Hyperbole and the Morality of Prose Encomium in the Evagoras

C. Michael. Sampson

University of Michigan

Isocrates’ Evagoras stands at a crossroads vis-à-vis traditional forms of praise. Although scholarship has demonstrated numerous affinities with Pindaric epinician,[i] Isocrates himself views his treatise as fundamentally novel: no prose author, he says, has ever attempted praise of a man (8), and Isocrates takes great pains to demonstrate that he will do so without the embellishments of poetry (9-11). While the intention to praise a single contemporary figure with the purpose of immortalizing his virtue (4) rings of the epinician project, the Evagoras proceeds by eschewing traditional forms of poetic praise.

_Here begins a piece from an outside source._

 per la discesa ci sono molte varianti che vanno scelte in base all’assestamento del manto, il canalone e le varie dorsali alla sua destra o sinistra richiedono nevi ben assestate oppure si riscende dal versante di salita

This paper aims to demonstrate that the novelty of Isocrates’ project lies in a crucial innovation: unlike poetic praise, the gods play only the smallest role in the encomium of Evagoras. Evagoras’ deeds are described as lacking divine aid, and by virtue of the independence of his activity, Isocrates ascribes to him a fortune and happiness that in fact surpass those of the gods. Such hyperbole is morally problematic. In traditional forms of praise, one does not operate without divine assistance; to claim to do so is to become subject to the phthonos of both gods and audience alike. The decision to muffle the influence of the divine therefore marks a sharp contrast with prior modes of praise.

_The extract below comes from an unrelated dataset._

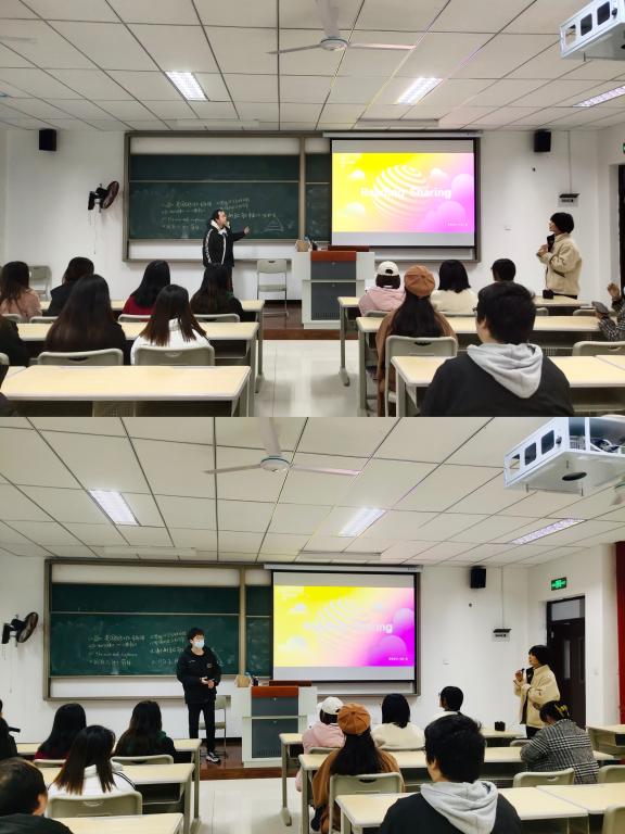 首先,李静老师抛砖引玉分享了自己的阅读经验。她认为,将书本的内容和个人的生活经历结合才会感悟真正的人生,明白人生的价值。随后李老师也向同学们推荐了自己的阅读书籍,并为同学们朗读了摘选章节。李老师的分享带动了大家,随后同学们各抒己见各自介绍了自己喜欢的书籍和电影,并分享了对于阅读的感悟和看法。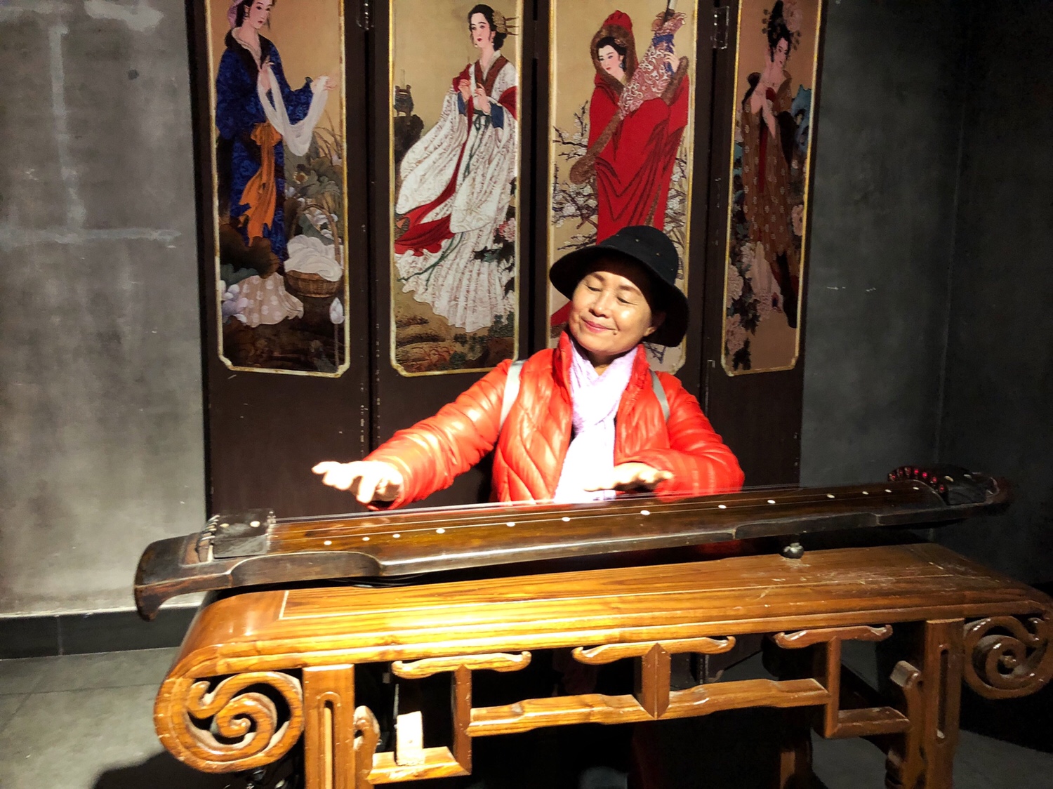 ข้างๆ กันนั้นมีเครื่องดนตรีชิ้นเอกของจีนวางอยู่ นั่นก็คือพิณนั่นเอง เพียงแค่ดีด ๆ กด ๆ มันก็เริ่มบรรเลงเพลงอันไพเราะแล้ว แหม่ ดูขุ่นแม่เราโชว์ลีลาซะก่อน เอาซะเหมือนเลย

I aim to show that the work lays bare the heights to which human activity (independent of the gods) can climb, and that its rhetoric makes Evagoras an object of admiration and emulation even as it makes the morally outrageous claim that his achievements not only lacked divine assistance but that they also surpassed those of the gods. Hyperbole of this sort, I argue, is only possible within a rhetorical framework in which the potential for phthonos has been anticipated and deflected.

[i] See, for example, W.H. Race, "Pindaric Encomium and Isokrates' Evagoras" TAPA 117 (1987): 131-55.